Records from a dataset
•••••
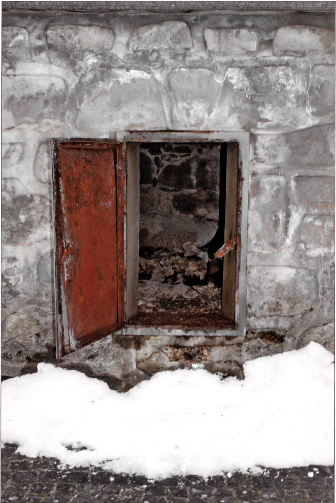
Blick in das «Chelelöchli» von Willisau.
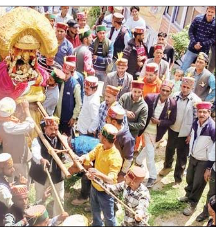
रस्सी से देव रथ को खींचते हुए लोग।

साथ मंदिर से बाहर निकाला और देव खेल का निर्वाह कर देव हारियानों ने देवता के स्वर्ण रथ को रस्सी से खींच कर साथ लगते गांव कछेनी में देवी भगवती के मंदिर पहुंचाया। कछियानी मंदिर में ऋषि ब्रह्म व भगवती महामाई का भव्य मिलन हुआ और दर्शन के लिए आए हुए सैकड़ों लोगों ने माता भगवती महामाई का आशीर्वाद लिया। इस देव प्रक्रिया को देखने के लिए कनौन गांव में सैकड़ों श्रद्धालु पहुंचे। देव प्रक्रिया संपन्न होने के पश्चात होने के बाद देव हारियानों ने कुल्लू नाटी का आयोजन किया।
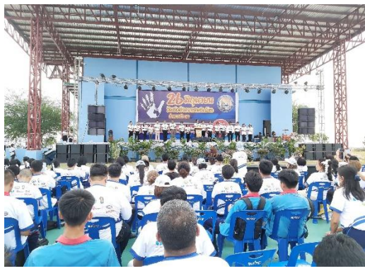
ภาพกิจกรรม : ยุทธศาสตร์ที่ 1 การรณรงค์ปลูกจิตสำนึกและสร้างกระแสนิยมที่เอื้อต่อการป้องกันและแก้ไขปัญหายาเสพติด
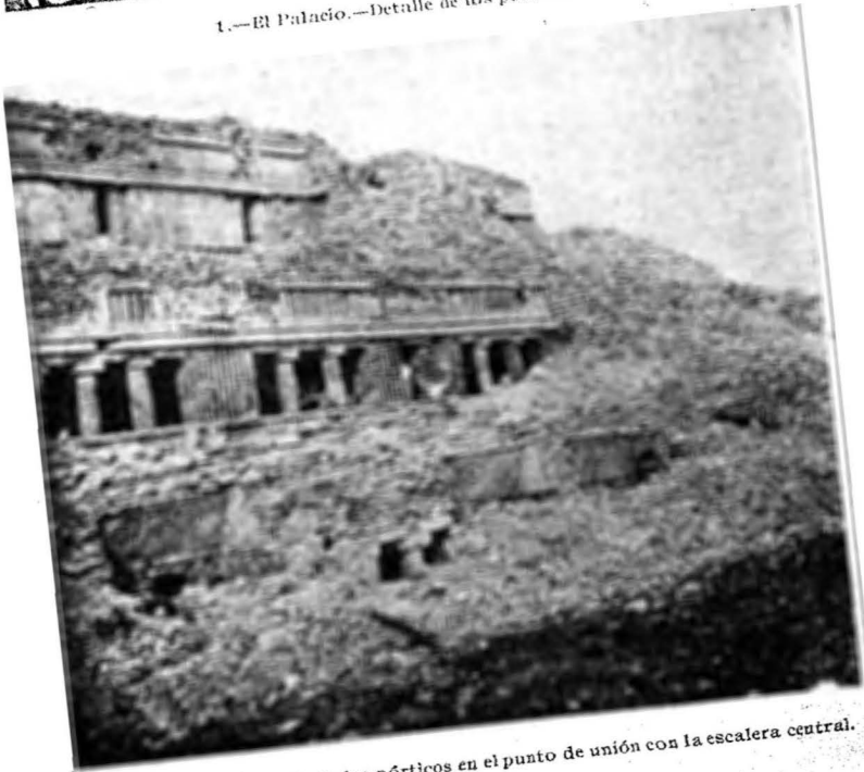
2.—El Palacio.—Detalle de los pórticos en el punto de unión con la escalera central.
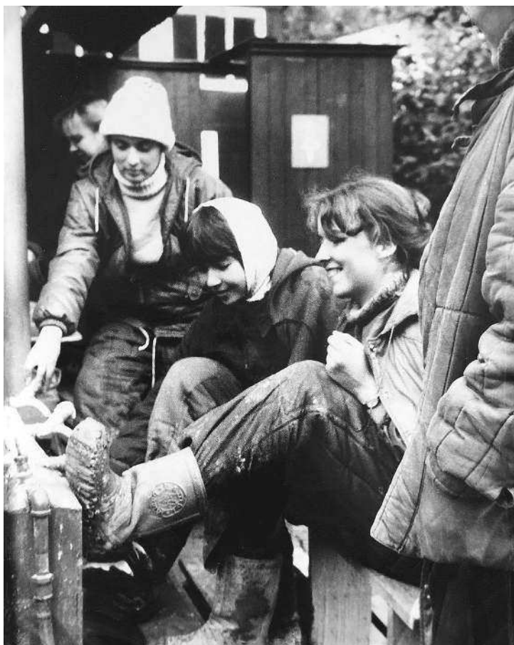
Это я на картошке

веку-невидимке мои претензии. Он, горестно покряхтев, понял, что время безопасных отношений по телефону прошло, и нехотя изъявил готовность явиться предо мной аки Сивка-Бурка. Спросил только обреченно: «Когда?»
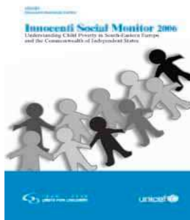
Copertina del rapporto Social Monitor 2006

stare la povertà e le ineguaglianze tra i bambini si devono urgentemente stanziare risorse economiche e adottare politiche dirette all'infanzia».
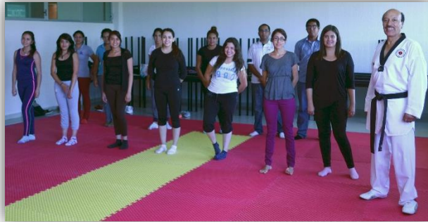
Equipo de Tae Kwon Do
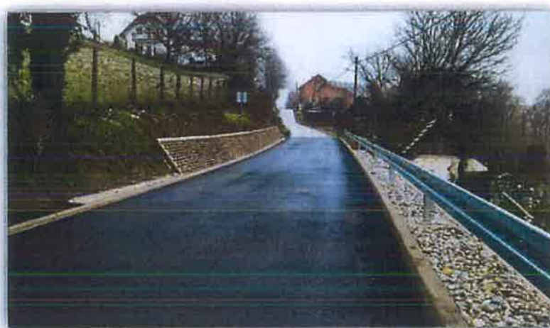
2.1.1.6. Sanacija klizišta Donji Škrnik na L22027
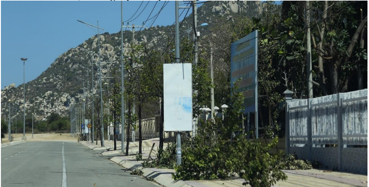
Bảng tuyên truyền trên vỉa hè sát Điện lực Thuận Nam, huyện Thuận Nam

Tại một số vị trí giáp ranh đã có lắp dựng các bảng tuyên truyền bằng các vật liệu thô sơ khung sắt mặt bạt hiflex, kích thước nhỏ khoảng 15 m 2 - 30 m 2 , chưa thể hiện được sự trang trọng, thẩm mỹ nhưng phần nào phát huy tác dụng, một số vị trí chưa được quan tâm bị cây che khuất, rách, hỏng, vị trí không còn phù hợp do điều kiện phát triển của tỉnh.
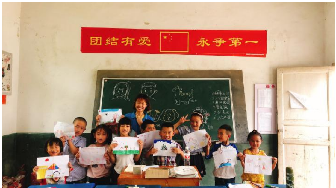
● 重庆大学 “自心筑梦” 支教实践团与梨山小学学生的合照。
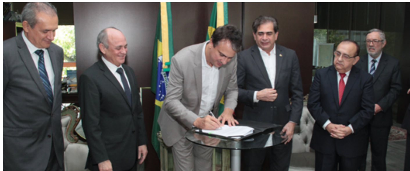
Governador sanciona a lei, no Palácio da Abolição, com a presença do presidente do TJCE e de outros desembargadores

As Varas e os Juizados de todo o Ceará (que formam a 1ª Instância ou o 1º Grau) ganharão reforço de pessoal para aumentar a produtividade, reduzir o tempo de tramitação dos processos e melhorar a qualidade do serviço. Esse avanço ocorrerá, sem aumento de custos, com a lei que transfere recursos utilizados na remuneração do 2º Grau (Tribunal de Justiça) para o 1º Grau.
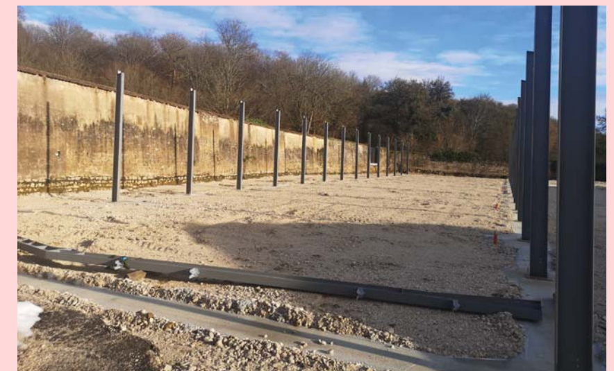
Les travaux de construction ont débuté fin novembre.

surface d'environ 4.000 m 2 .» Le reste de la nouvelle construction, soit 1.000 m 2 , sera divisé en six cellules qui seront disponibles à la location pour d'autres entreprises.
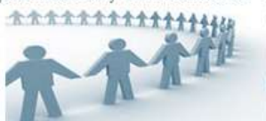
Figura 3: Implicancias del Modelo Educativo ICC

Selección, evaluación y perfeccionamiento de docentes acorde a los requerimientos de la formación, con base en procesos planificados y estructurados.
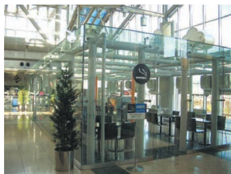
会議棟2階エントランスホールのクリスタルラウンジに設けられた喫煙室。イスとテーブルもあり、ゆっくり食事や休憩ができます。

平成17年4月1日より、喫煙は喫煙室・喫煙所のみで可能となります。皆様のご理解とご協力をよろしくお願いいたします。
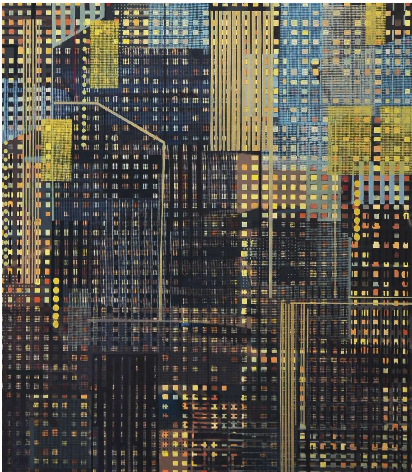
Strukture , ulje na platnu, 130 x 150 cm, 2017.
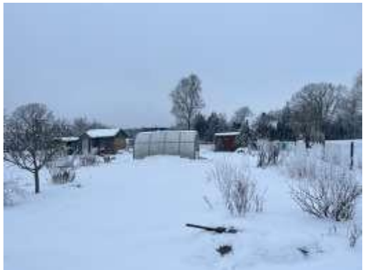
Skats uz zemes vienību ar kadastra apzīmējumu 8401 012 0305
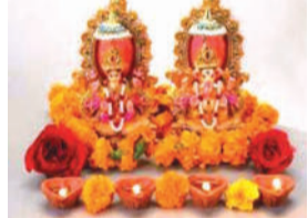
પાંચમના દિવસે મોટા ભાગના વેપારીઓ નવા વર્ષના વેપારના શ્રી ગણેશ, માતા લક્ષ્મી, શિવ અને ગણપતિની પૂજાથી કરતા હોય છે. દિવાળીના તહેવારો બાદ લાભ પાંચમના દિવસે વેપારીઓએ તેમના નવા વર્ષના વેપાર ધંધાની શરૂઆત કરી હતી.

અમદાવાદ, તા. ૨૬ દિવાળી પછીના પાંચમા દિવસે કારતક મહિનાના શુકલ પક્ષની પંચમીની તિથિ પર લાભ પાંચમનો તહેવાર ઉજવવામાં આવ્યો હતો. આ લાભ પાંચમનો દિવસ સામાન્ય રીતે વેપારી પેઢીઓ માટે તેમજ આજના દિવસે સંપત્તિની
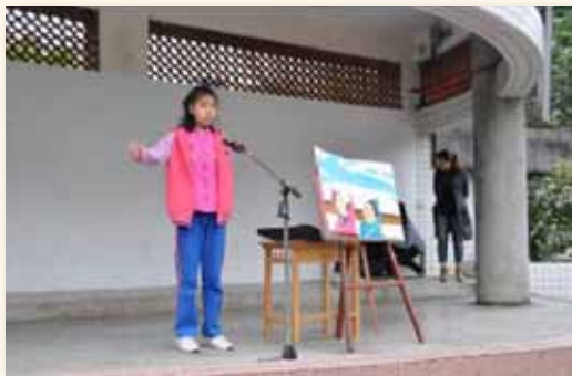
學生朝會小小說書人分享
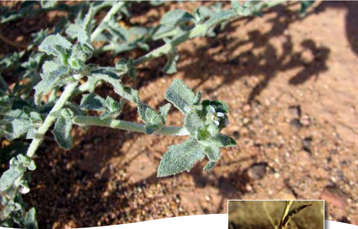
Morettia canescens Boiss. ■
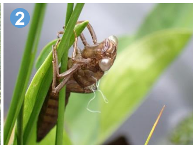
2 上田代の池塘には、羽化したばかりのヤゴの抜け殻が見られました。
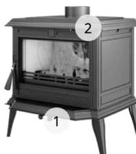
KAWMET PREMIUM PROMETEUS S11 ECO
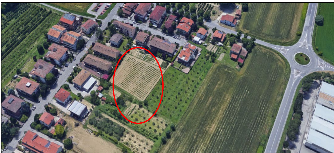
Forlì - via Bruciapecore
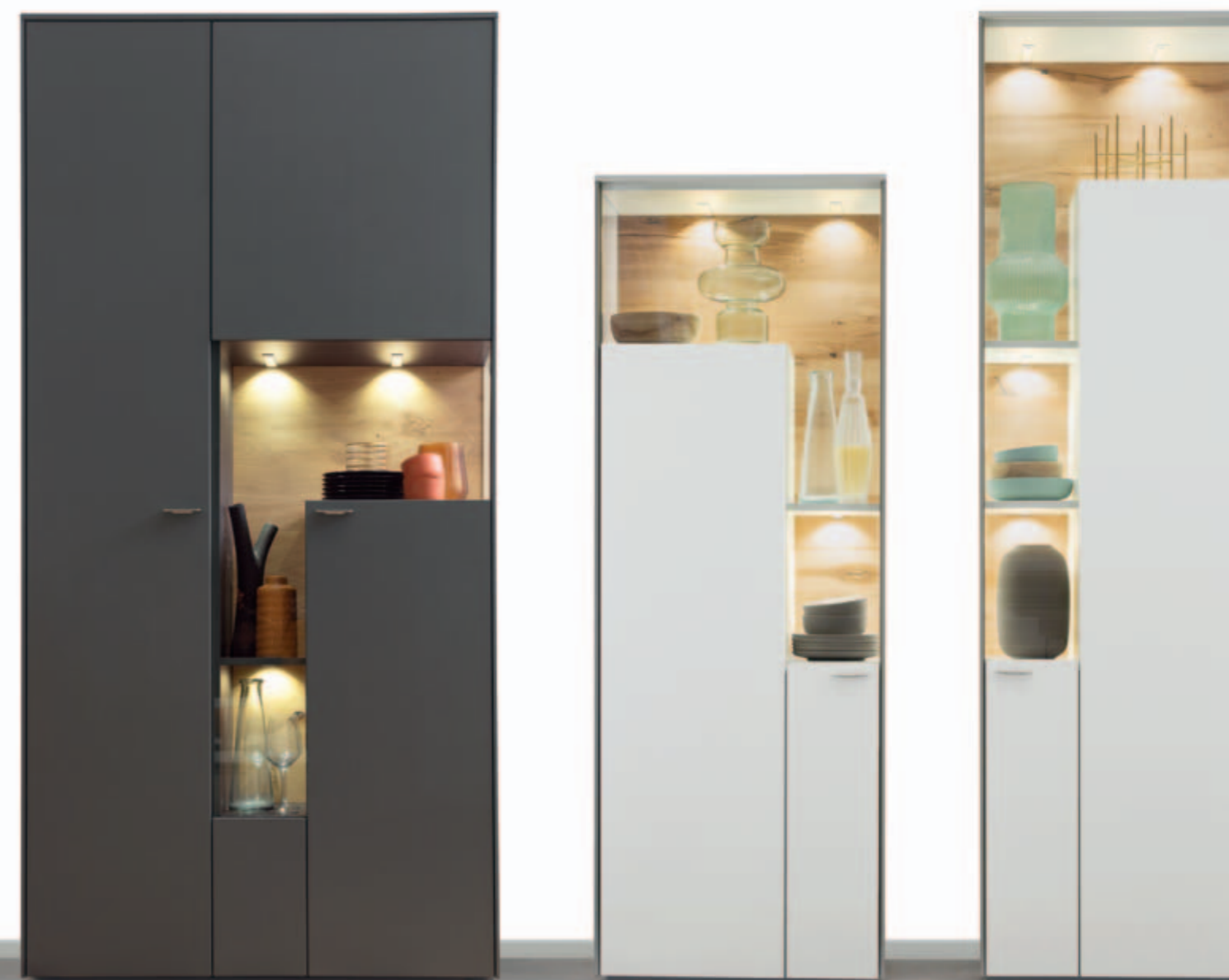
Vitrine 5295-3616R: BHT 102/207/43 cm • Lack schiefergrau matt, Wildeiche hell soft gebürstet geölt • Aluleiste schiefergrau matt Cabinet 5295-3616R: WHD 102/207/43 cm • Lacquered slate grey matt, Wild oak light soft brushed oiled finish • Aluminium ledge slate grey matt

This is the unmistakably exclusive signature of SENTINO 3000: The glass doors over the corner reveal the real wood veneer rear panel, look like an upside-down "L" and immediately give any room an ambience that's second to none. All the more so when they are illuminated.
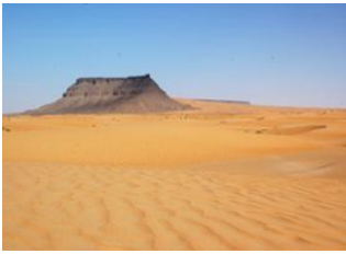
Tarf Tazazmout 📍
•••••
#### [Requirement]
Word for word, repeat the lines above from the one with "surface d'environ 4.000" through the one with "2 上田代の池塘には、羽化したばかりのヤゴの抜け殻が見られました。", and nothing beyond them. Omit the pictures.

#### [Answer to this task]
surface d'environ 4.000 m 2 .» Le reste de la nouvelle construction, soit 1.000 m 2 , sera divisé en six cellules qui seront disponibles à la location pour d'autres entreprises.
Figura 3: Implicancias del Modelo Educativo ICC

Selección, evaluación y perfeccionamiento de docentes acorde a los requerimientos de la formación, con base en procesos planificados y estructurados.
会議棟2階エントランスホールのクリスタルラウンジに設けられた喫煙室。イスとテーブルもあり、ゆっくり食事や休憩ができます。

平成17年4月1日より、喫煙は喫煙室・喫煙所のみで可能となります。皆様のご理解とご協力をよろしくお願いいたします。
Strukture , ulje na platnu, 130 x 150 cm, 2017.
Skats uz zemes vienību ar kadastra apzīmējumu 8401 012 0305
પાંચમના દિવસે મોટા ભાગના વેપારીઓ નવા વર્ષના વેપારના શ્રી ગણેશ, માતા લક્ષ્મી, શિવ અને ગણપતિની પૂજાથી કરતા હોય છે. દિવાળીના તહેવારો બાદ લાભ પાંચમના દિવસે વેપારીઓએ તેમના નવા વર્ષના વેપાર ધંધાની શરૂઆત કરી હતી.

અમદાવાદ, તા. ૨૬ દિવાળી પછીના પાંચમા દિવસે કારતક મહિનાના શુકલ પક્ષની પંચમીની તિથિ પર લાભ પાંચમનો તહેવાર ઉજવવામાં આવ્યો હતો. આ લાભ પાંચમનો દિવસ સામાન્ય રીતે વેપારી પેઢીઓ માટે તેમજ આજના દિવસે સંપત્તિની
學生朝會小小說書人分享
Morettia canescens Boiss. ■
2 上田代の池塘には、羽化したばかりのヤゴの抜け殻が見られました。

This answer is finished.